Significant Functional Differences
Out of the box, there are a host of differences between OCS and Sametime; however, when one includes partner company integrated solutions, there is little that OCS can do that can’t be done with Sametime, and vice versa. There are some notable exceptions.
A major difference is that Sametime can be deployed on multiple operating systems, including Windows, whereas OCS will only play in a Windows Server environment. Furthermore, Sametime integrates with Outlook and other Microsoft Office applications, but OCS does not integrate with Lotus Notes.
On the other hand, OCS allows Office Communicator 2007’s IP voice and video to traverse both corporate firewalls and network address translation devices, letting remote users come in over the Internet, but Sametime’s IP voice and video are designed to work over the enterprise LAN/WAN.
Microsoft has developed software-based call routing and switching capability within OCS 2007 with the intent that it will ultimately supersede, or at least render less valuable, the PBX capabilities offered by most enterprise telephony vendors. Although IBM Lotus has publicly declared that Sametime will rely on third-party PBX vendors to provide telephony capabilities for Sametime, IBM has not publicly revealed the details of its pending Sametime Unified Telephony offering and architecture.
There are numerous other differences, large and small, but the biggest differences are found in the approaches these two giants bring to the unified communications market.
Microsoft: Software-Powered Communications
Streamlining the user experience through software is a key element of Microsoft’s approach for unified communications, and the company has focused its efforts on developing a “person-centric” communications environment. This means there is a single user directory, a single login, a single SIP URI, a single inbox, and a single source for all presence information, regardless of which device a person may actually be using. Furthermore, the nature of the communications itself becomes streamlined via rich presence through integration with Exchange’s calendaring and email, as well as through the use of “activity level” indicators from the computer or telephone (that indicate when the phone is in use or a person has been away from their computer), and through communications capabilities embedded in other Microsoft and third-party, line-of-business applications.

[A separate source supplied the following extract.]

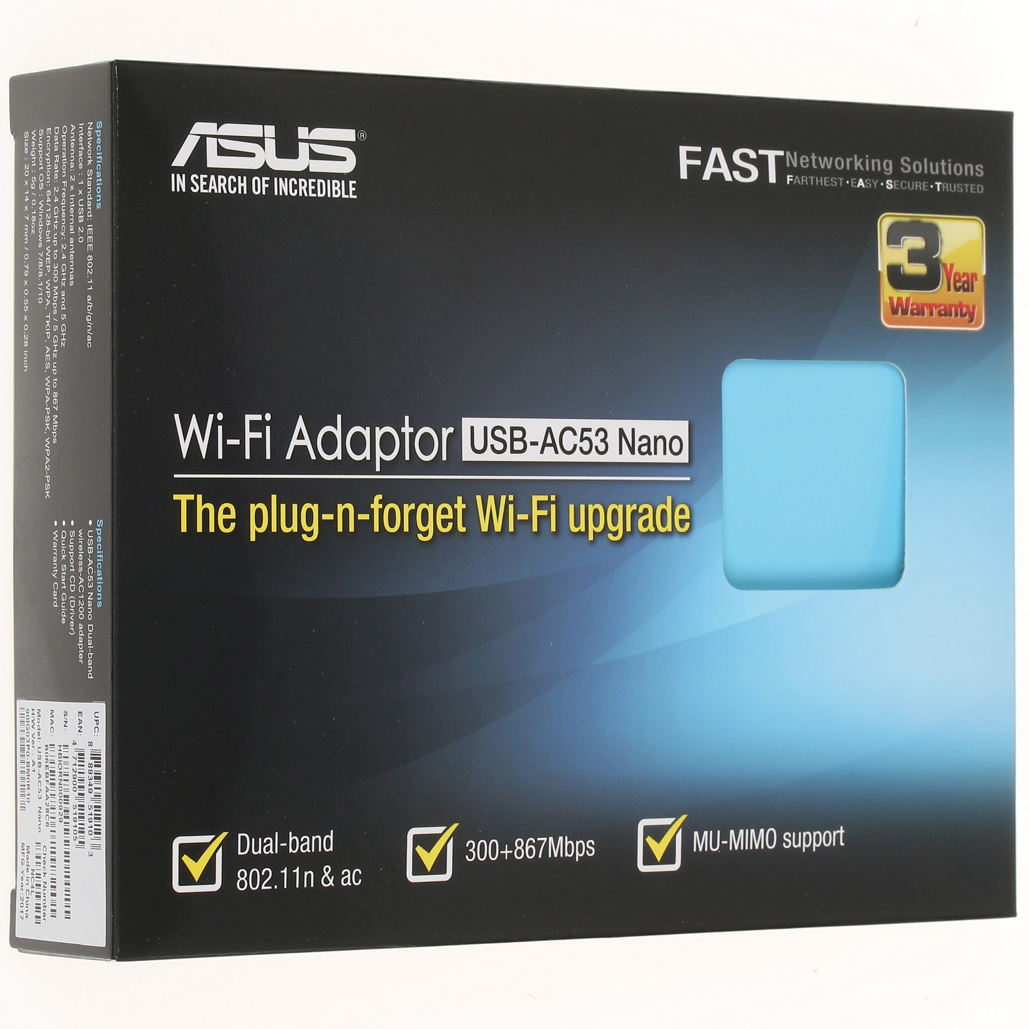 Wi-Fi адаптер ASUS USB-AC53 Nano будет полезен пользователям компьютеров любого типа: для установки устройства требуется лишь наличие USB-порта. Компактность устройства делает его использование удобным в любых условиях. Габаритные размеры корпуса адаптера составляют 20x14x7 мм. Разработчиком устройства предусмотрена поддержка операционных систем Windows 7, Windows 8 и Windows 10. Адаптер упакован в коробку, имеющую традиционный для продукции ASUS внешний вид.

Microsoft is attempting to provide a completely portable communications experience that offers the same multimodal, click-to-access capabilities whether someone is at work, at home, or while traveling, including telephony. The company believes that any PC running the Microsoft Windows operating system should have the full capabilities one needs to do business, and that the PC should provide the complete communications experience. In the Microsoft paradigm, every communications event passes through either Microsoft Office Communications Server 2007 or Microsoft Exchange Server. Even if a person uses a non-Microsoft device, like the LG-Nortel OCS telephone, or even a mobile phone, communications events pass through one of these two servers.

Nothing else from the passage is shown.